- About this exercise
When you copy from the entries that follow, take only the lines from the one with "인사하고 있다. [뉴시스]" down to the one with "Crosstime 40cm Large", keeping both ends and dropping every picture.

- Listed records
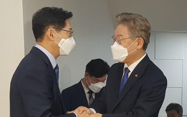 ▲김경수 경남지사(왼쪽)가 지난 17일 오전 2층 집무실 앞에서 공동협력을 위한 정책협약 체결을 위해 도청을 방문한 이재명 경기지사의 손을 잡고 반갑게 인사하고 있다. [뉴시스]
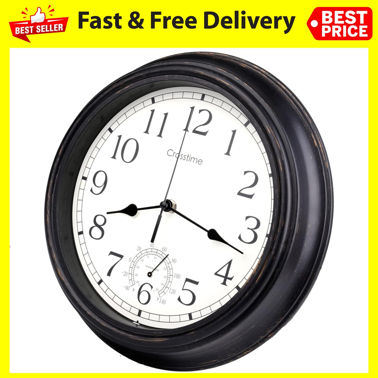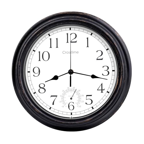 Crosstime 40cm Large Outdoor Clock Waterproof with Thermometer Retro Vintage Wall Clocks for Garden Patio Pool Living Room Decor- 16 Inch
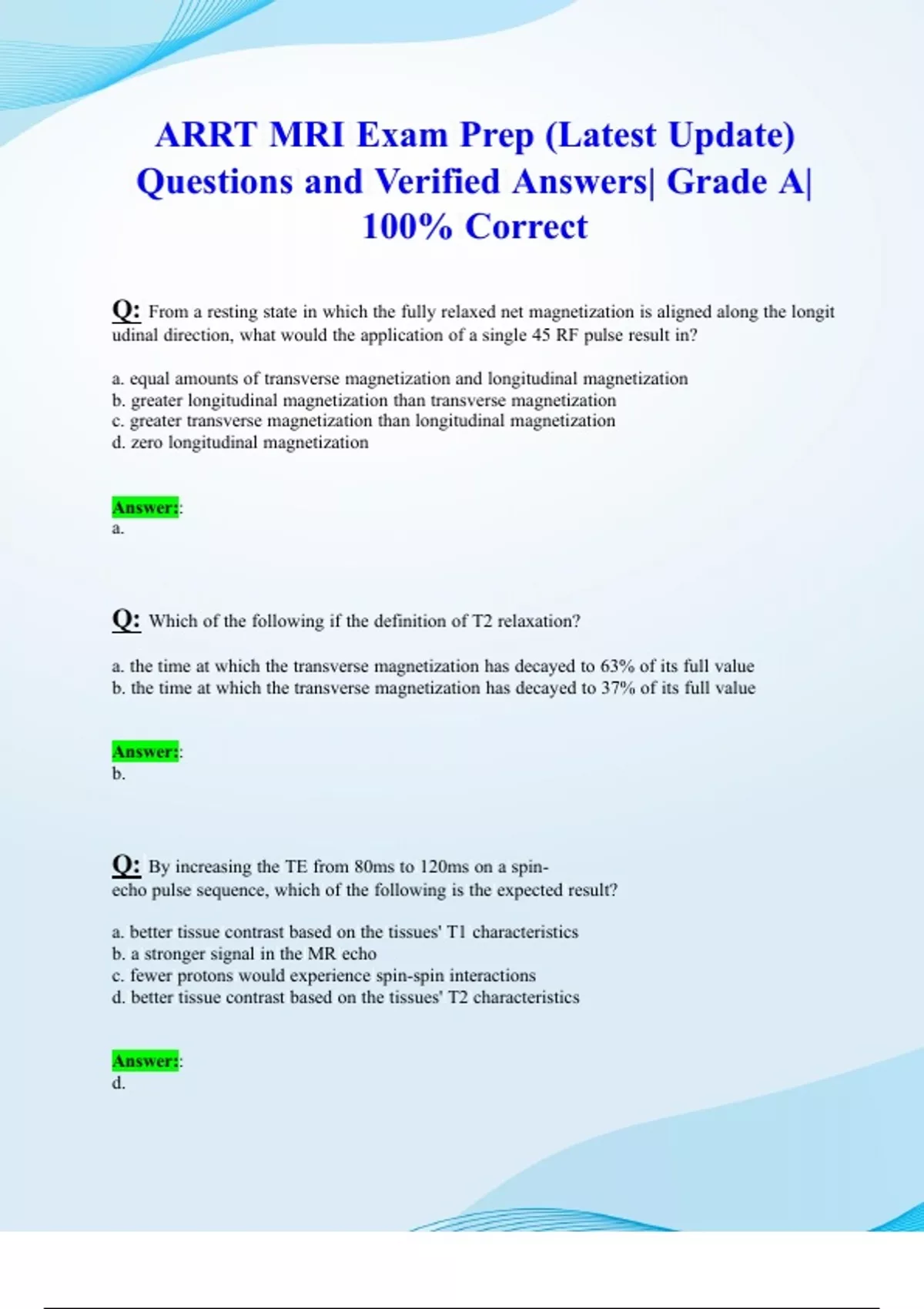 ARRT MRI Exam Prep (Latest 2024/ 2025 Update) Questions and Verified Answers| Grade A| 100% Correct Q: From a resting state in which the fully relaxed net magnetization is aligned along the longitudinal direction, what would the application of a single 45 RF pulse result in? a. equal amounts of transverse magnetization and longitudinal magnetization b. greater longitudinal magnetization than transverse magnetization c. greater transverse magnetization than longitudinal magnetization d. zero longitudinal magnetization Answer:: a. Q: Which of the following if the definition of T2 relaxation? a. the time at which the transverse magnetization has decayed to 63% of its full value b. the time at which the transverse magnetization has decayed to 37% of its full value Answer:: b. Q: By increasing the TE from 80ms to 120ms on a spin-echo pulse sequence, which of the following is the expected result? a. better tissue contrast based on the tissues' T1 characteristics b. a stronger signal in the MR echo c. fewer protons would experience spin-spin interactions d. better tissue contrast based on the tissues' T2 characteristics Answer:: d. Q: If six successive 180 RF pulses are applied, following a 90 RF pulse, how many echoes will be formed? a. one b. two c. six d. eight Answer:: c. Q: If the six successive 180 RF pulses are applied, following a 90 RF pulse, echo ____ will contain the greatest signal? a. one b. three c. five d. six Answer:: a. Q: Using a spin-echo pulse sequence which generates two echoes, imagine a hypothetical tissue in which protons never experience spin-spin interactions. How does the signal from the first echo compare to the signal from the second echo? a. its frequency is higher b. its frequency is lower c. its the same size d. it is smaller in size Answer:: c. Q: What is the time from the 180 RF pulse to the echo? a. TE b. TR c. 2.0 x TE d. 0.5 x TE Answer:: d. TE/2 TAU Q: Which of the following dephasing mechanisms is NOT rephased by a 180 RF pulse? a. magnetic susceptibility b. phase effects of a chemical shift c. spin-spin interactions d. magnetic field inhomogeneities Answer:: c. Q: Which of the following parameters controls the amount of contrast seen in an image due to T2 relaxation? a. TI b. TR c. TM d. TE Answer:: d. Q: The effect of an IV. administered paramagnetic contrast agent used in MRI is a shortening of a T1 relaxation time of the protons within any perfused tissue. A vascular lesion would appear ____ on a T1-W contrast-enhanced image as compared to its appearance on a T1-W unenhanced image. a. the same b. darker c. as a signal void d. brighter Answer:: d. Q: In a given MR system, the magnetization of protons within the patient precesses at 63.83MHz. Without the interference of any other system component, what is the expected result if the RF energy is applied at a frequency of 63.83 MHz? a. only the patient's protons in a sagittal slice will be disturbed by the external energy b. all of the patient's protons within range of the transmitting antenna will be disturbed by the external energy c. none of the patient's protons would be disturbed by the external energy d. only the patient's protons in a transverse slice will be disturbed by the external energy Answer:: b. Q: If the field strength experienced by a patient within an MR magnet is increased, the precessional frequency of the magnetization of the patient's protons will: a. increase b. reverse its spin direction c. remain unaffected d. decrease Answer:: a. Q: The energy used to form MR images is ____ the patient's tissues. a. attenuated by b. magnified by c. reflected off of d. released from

--

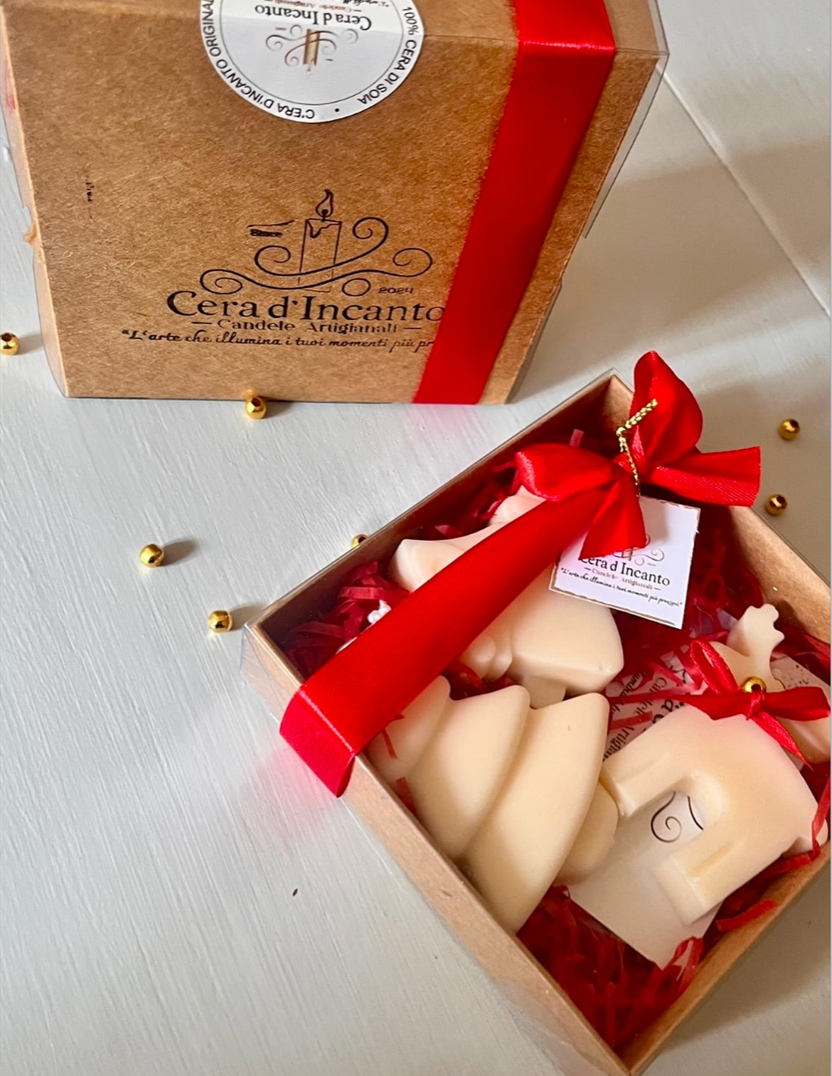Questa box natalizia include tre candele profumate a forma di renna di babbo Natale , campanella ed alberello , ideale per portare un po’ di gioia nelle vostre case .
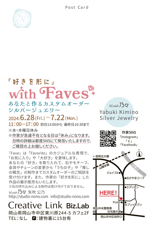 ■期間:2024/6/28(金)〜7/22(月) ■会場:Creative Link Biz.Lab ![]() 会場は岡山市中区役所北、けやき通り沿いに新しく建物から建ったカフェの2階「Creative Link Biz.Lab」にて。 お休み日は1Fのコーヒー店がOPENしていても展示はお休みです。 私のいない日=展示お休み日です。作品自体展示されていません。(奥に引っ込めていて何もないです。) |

- Task output
 ▲김경수 경남지사(왼쪽)가 지난 17일 오전 2층 집무실 앞에서 공동협력을 위한 정책협약 체결을 위해 도청을 방문한 이재명 경기지사의 손을 잡고 반갑게 인사하고 있다. [뉴시스]
 Crosstime 40cm Large Outdoor Clock Waterproof with Thermometer Retro Vintage Wall Clocks for Garden Patio Pool Living Room Decor- 16 Inch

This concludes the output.